## Problem details
Line by line, set down the records below from the first line through the line containing "Life Space 320亿成人活性益生菌胶囊 60粒 调节肠胃/增强*力 4瓶装". Omit the pictures.

================================

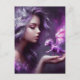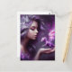 Carte Postale Fille avec un minuscule Dragon violet
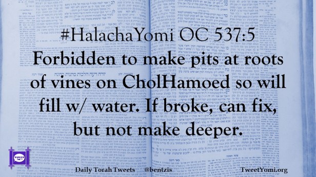 #HalachaYomi OC 537:5 Forbidden to make pits at roots of vines on CholHamoed so will fill w/ water. If broke, can fix, but not make deeper.
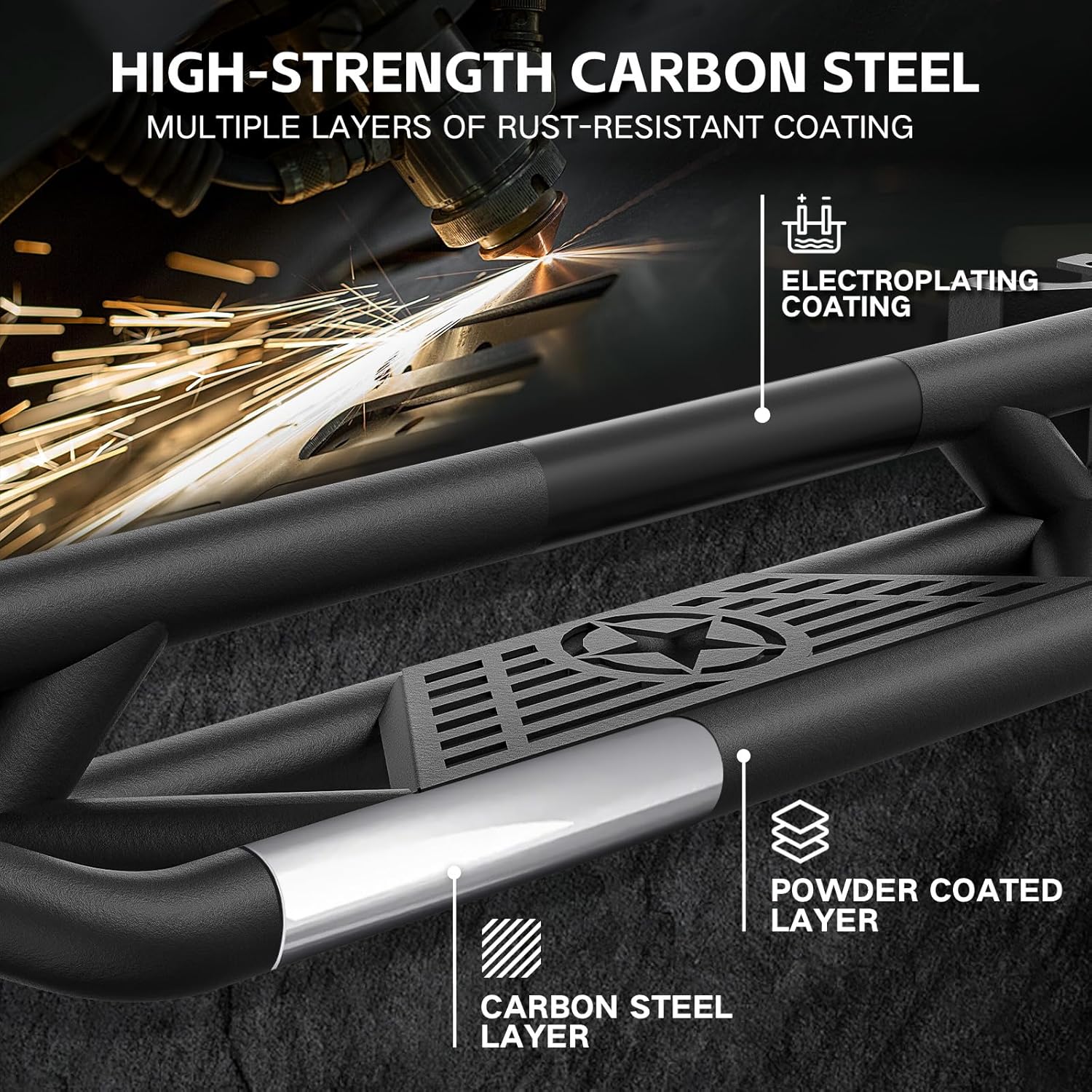 - ăStylish Designă: Featuring a step-style design with a drop height of approximately 5 inches. The rugged off-road look is complemented by a stylish design, enhancing the appearance of your wrangler JK.
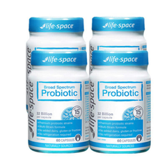 Life Space 320亿成人活性益生菌胶囊 60粒 调节肠胃/增强*力 4瓶装
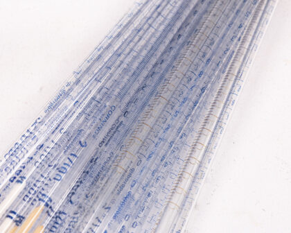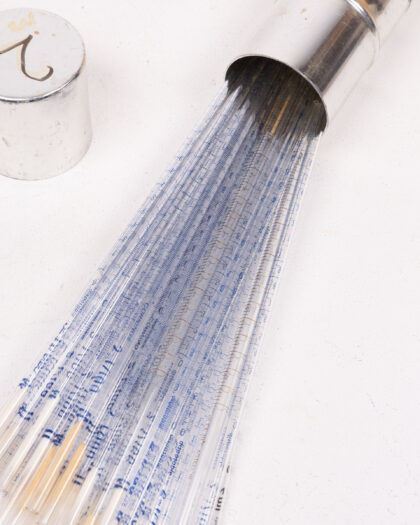 This is a vintage metal cylindrical container, possibly aluminium, designed to hold scientific pipettes. The container features a removable lid marked with the number '2'. The container has visible wear, including scratches and some discolouration. A blue line marks the location where the lid meets the cylinder. Inside, the container is filled with disposable glass pipettes. The pipettes have blue graduation markings and appear to be unused. This item would be suitable for display as a vintage scientific item or for use in a scientific or educational setting.
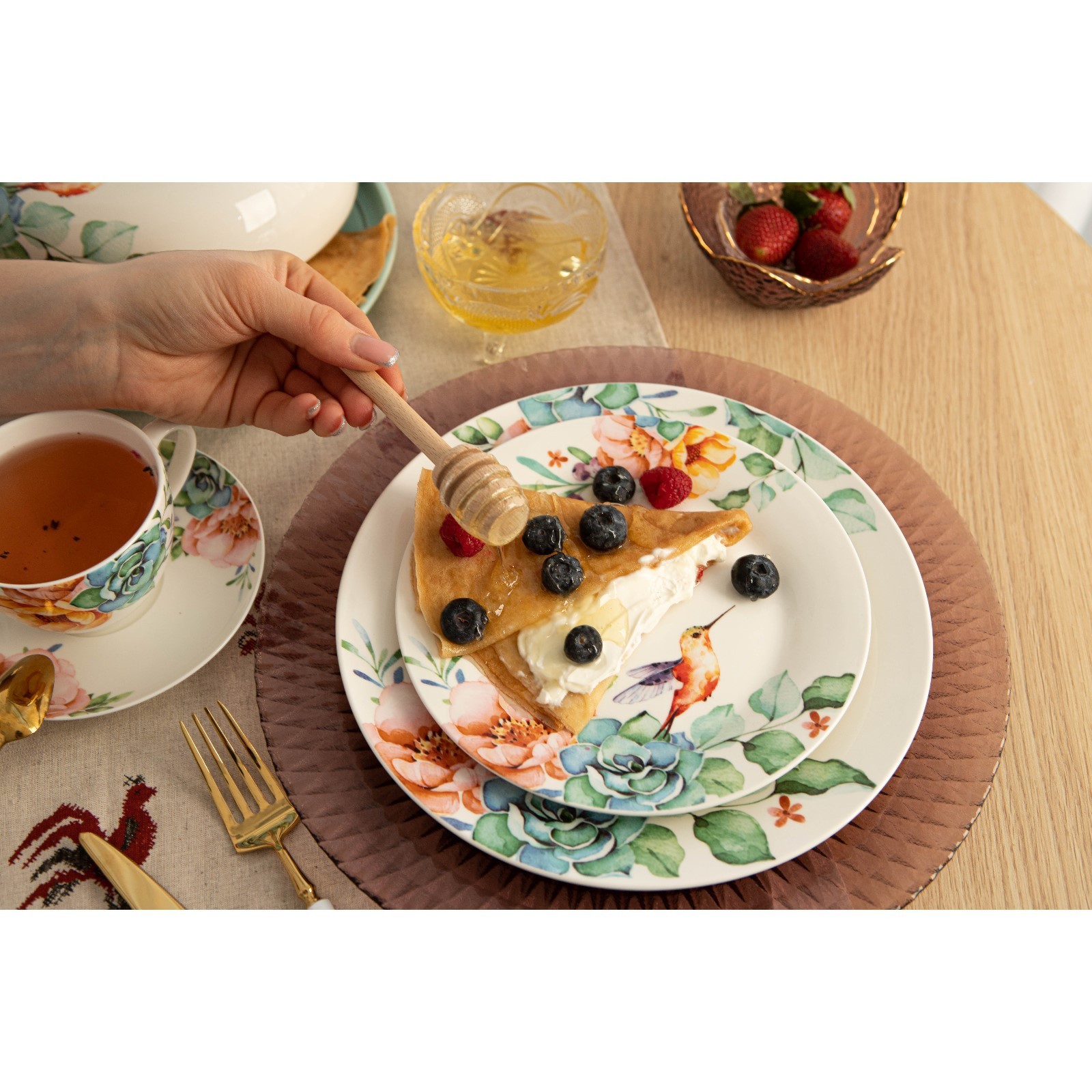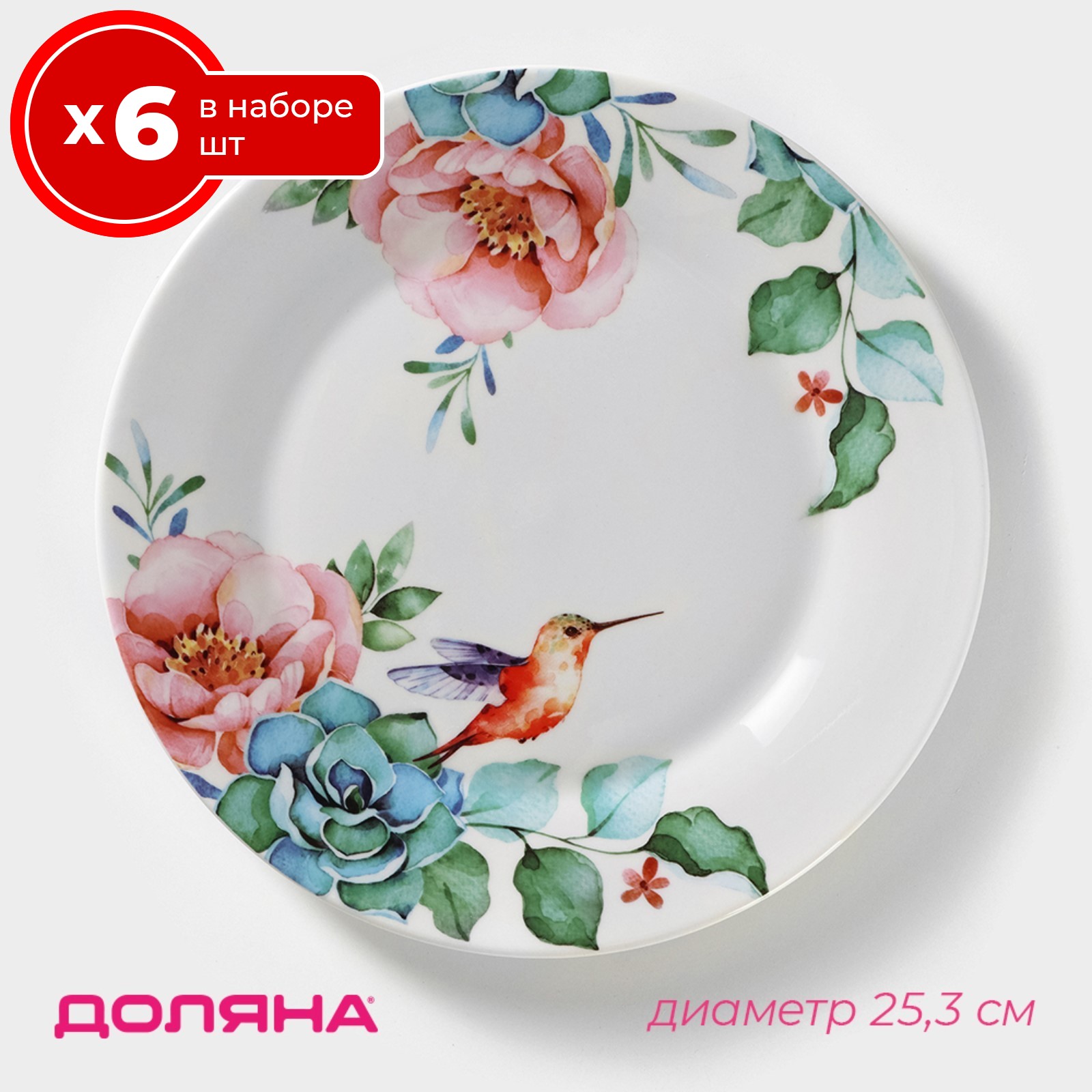 Набор тарелок 6 шт обеденных столовых 25.5 см на 6 персон доляна пташка, новый костяной фарфор, мелкие. Тарелка Доляна «Пташка» изготовлена из качественного костяного фарфора. Такая посуда не только тоньше, но и заметно легче, чем аналогичные изделия из обычного фарфора. Благодаря оригинальному дизайну изделие легко украсит вашу кухню, а также прекрасно подойдёт в качестве подарка. Тарелка выполнена в приятных тонах, что позволит вписать её практически в любой интерьер. Можно использовать в посудомоечной машине и СВЧ-печи. Цвет: Белый Форма: Круглая Диаметр, см: 25.3 В наборе, шт.: 1 Тематика: Цветочно-растительная Тематика: Птицы Материал: Фарфор (Новый костяной фарфор) Вид тарелки: Плоская Можно мыть в посудомоечной машине: Да Можно использовать в СВЧ-печи: Да Текстура: Гладкая Особенности: Без особенностей Матовая поверхность: Нет Для горячего: Да  развернуть описание ▼
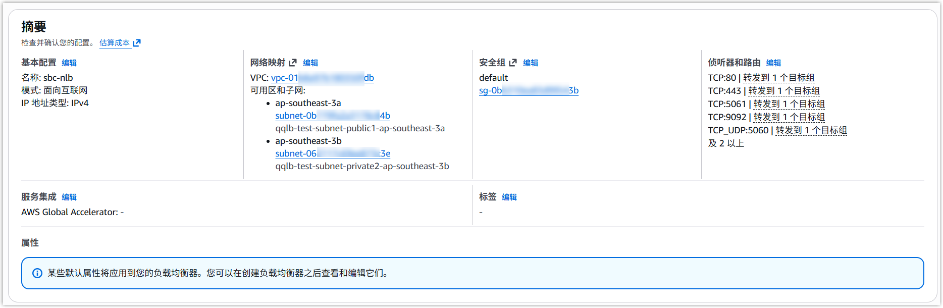 - 负载均衡器名称:输入一个名称,帮助你识别此负载均衡器。在本例中,输入 sbc-nlb。
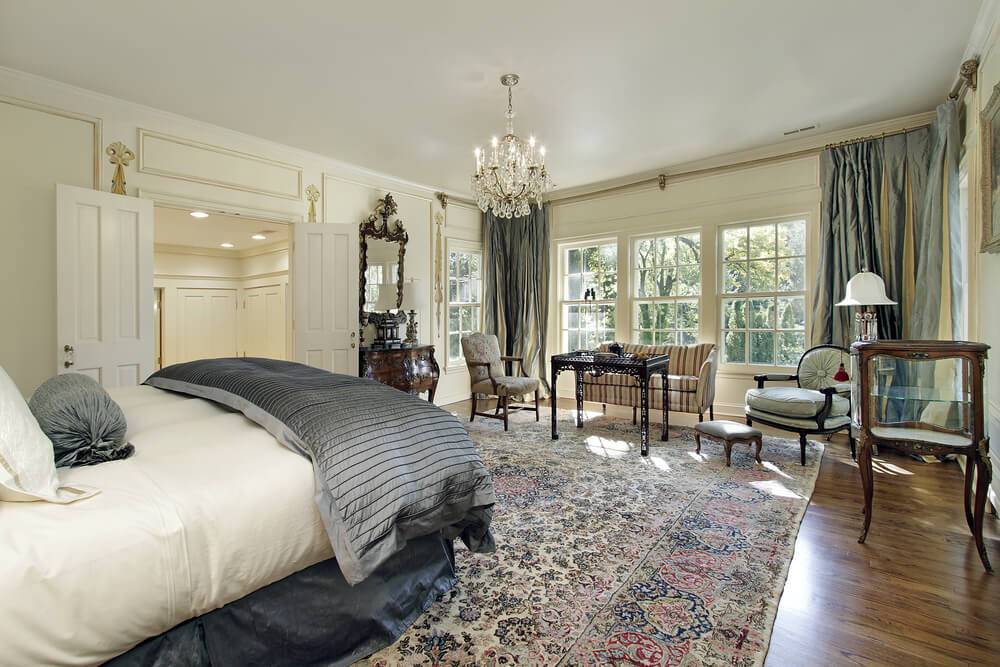 Кроме того, нужно определить размер ковра. Если вы выбираете изделие в гостиную под журнальный столик, то размеры такого атрибута должны лишь немного быть больше самого предмета мебели. В столовой же ковер должен занимать пространство не только под столом, но и под стульями. В спальне можно использовать два небольших коврика в одинаковом дизайне с двух сторон кровати, а можно и постелить один ковер, разместив его под кроватью с выступами из-под нее на метр-полтора.

================================

## Answer section
 Carte Postale Fille avec un minuscule Dragon violet
 #HalachaYomi OC 537:5 Forbidden to make pits at roots of vines on CholHamoed so will fill w/ water. If broke, can fix, but not make deeper.
 - ăStylish Designă: Featuring a step-style design with a drop height of approximately 5 inches. The rugged off-road look is complemented by a stylish design, enhancing the appearance of your wrangler JK.
 Life Space 320亿成人活性益生菌胶囊 60粒 调节肠胃/增强*力 4瓶装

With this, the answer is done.